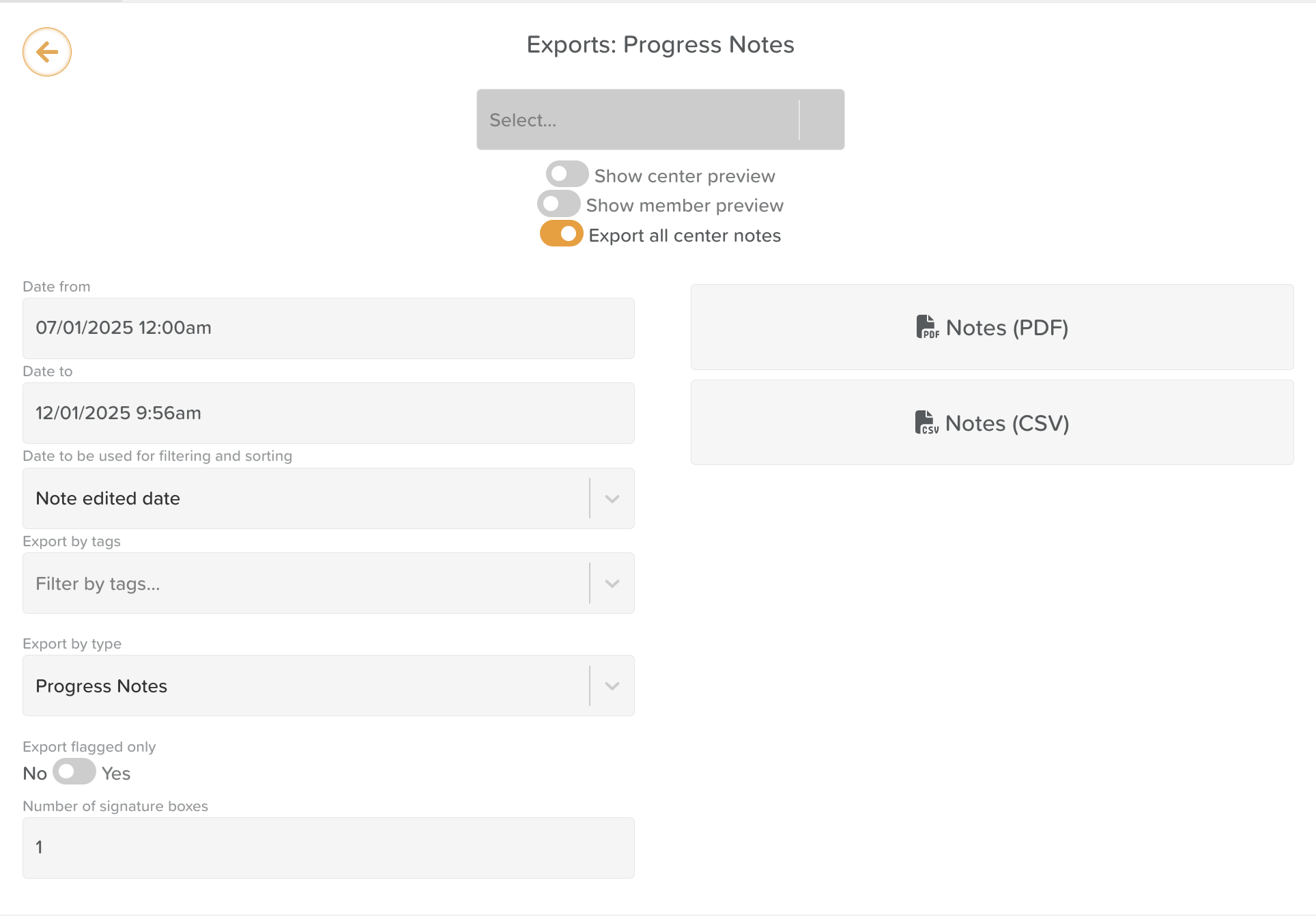For multi-person audits, use Export all center notes alongside date and tag filters.
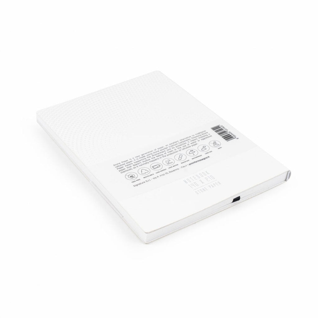The Pininfarina Notes 14x21 Soft Cover White 2025 is made from Stone Paper, the innovative eco-friendly paper that requires no tree-cutting, no water, and no harsh chemicals. Featuring a soft touch white cover with elastic closure and a sleek new pattern, this notebook is the perfect sustainable companion to your Pininfarina Segno writing instruments.
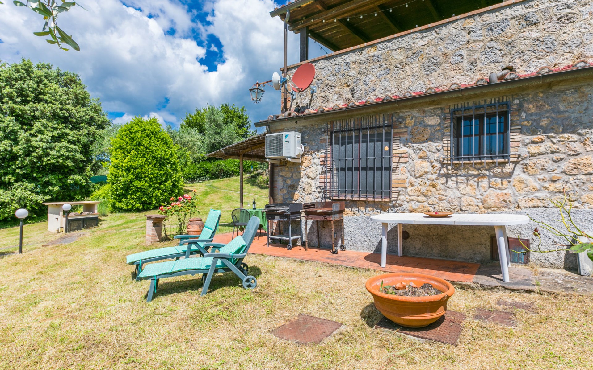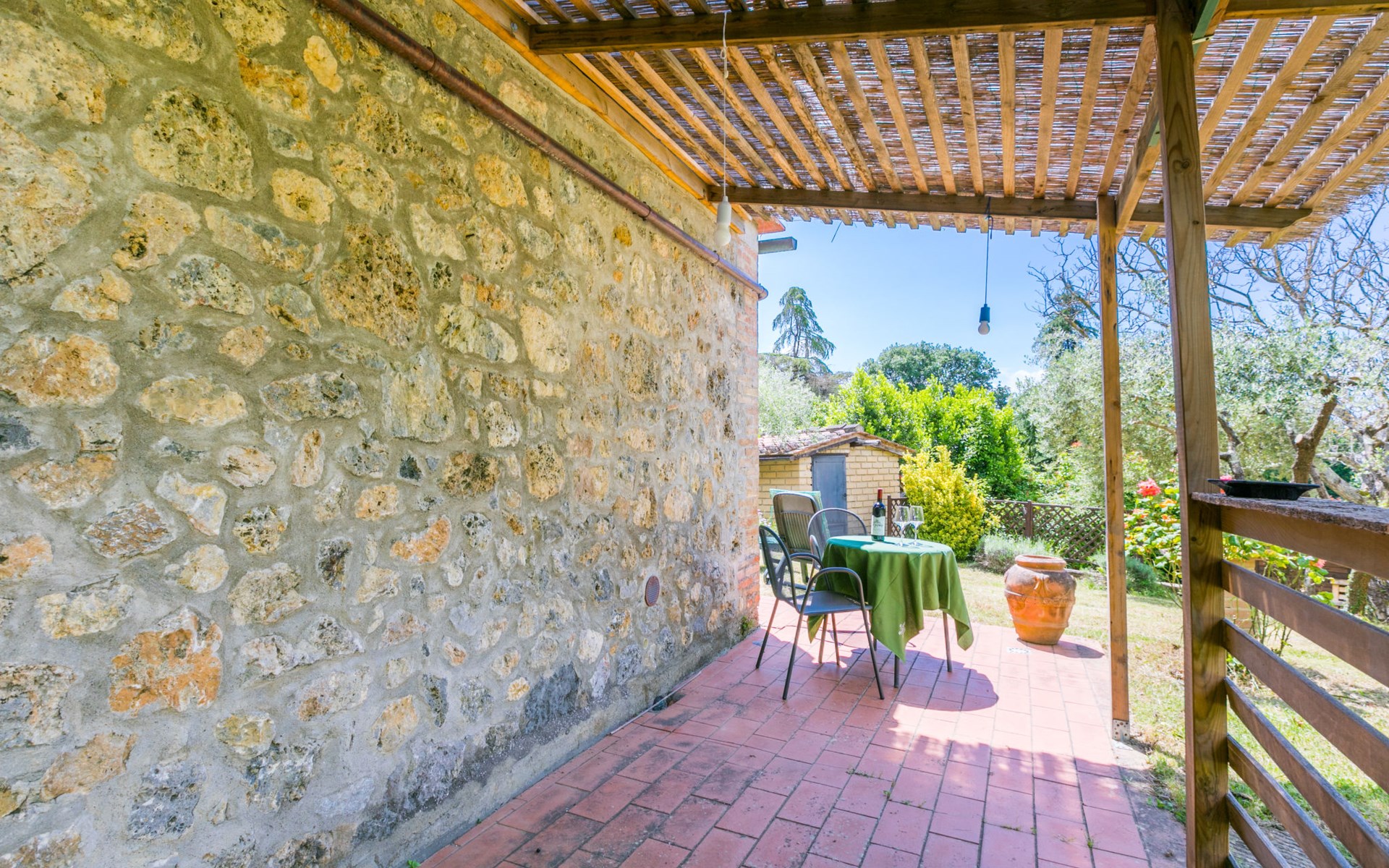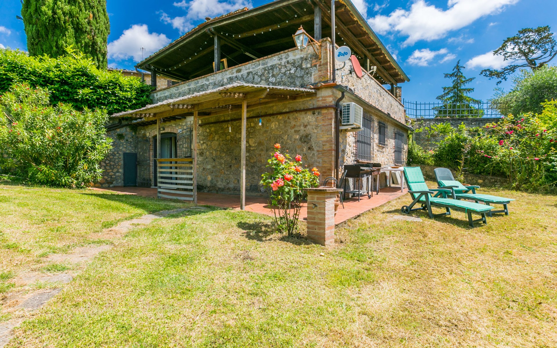 Mooi huis "L'Oliviera", vrijstaand, omgeven door bomen en velden. 5 km van het centrum van Siena, rustige, zonnige, verhoogde ligging, 100 m van de bosrand. Voor alleengebruik: terrein met gazon en planten. Verwarming ter plaatse te betalen (10.Apr. - 31.Okt.). Parkeerplaats bij het huis. Levensmiddelenwinkel 3 km, winkelcentrum 4 km, restaurant 2 km, bushalte 100 m, treinstation "Siena" 6 km, thermaalbad "Rapolano Terme" 35 km. Attracties in de buurt: Montalcino 45 km, Pienza 50 km, Crete Senesi 30 km, Monteriggioni 16 km, San Gimignano 36 km, Montepulciano 65 km. Auto noodzakelijk. Baby uitrusting (incl.). De eigenaar woont op hetzelfde terrein. De eigenaar heeft een hond.
* * *
Restate only the lines running from the start of the material above through the line containing "The Pininfarina Notes", ends included. No pictures.

For multi-person audits, use Export all center notes alongside date and tag filters.
The Pininfarina Notes 14x21 Soft Cover White 2025 is made from Stone Paper, the innovative eco-friendly paper that requires no tree-cutting, no water, and no harsh chemicals. Featuring a soft touch white cover with elastic closure and a sleek new pattern, this notebook is the perfect sustainable companion to your Pininfarina Segno writing instruments.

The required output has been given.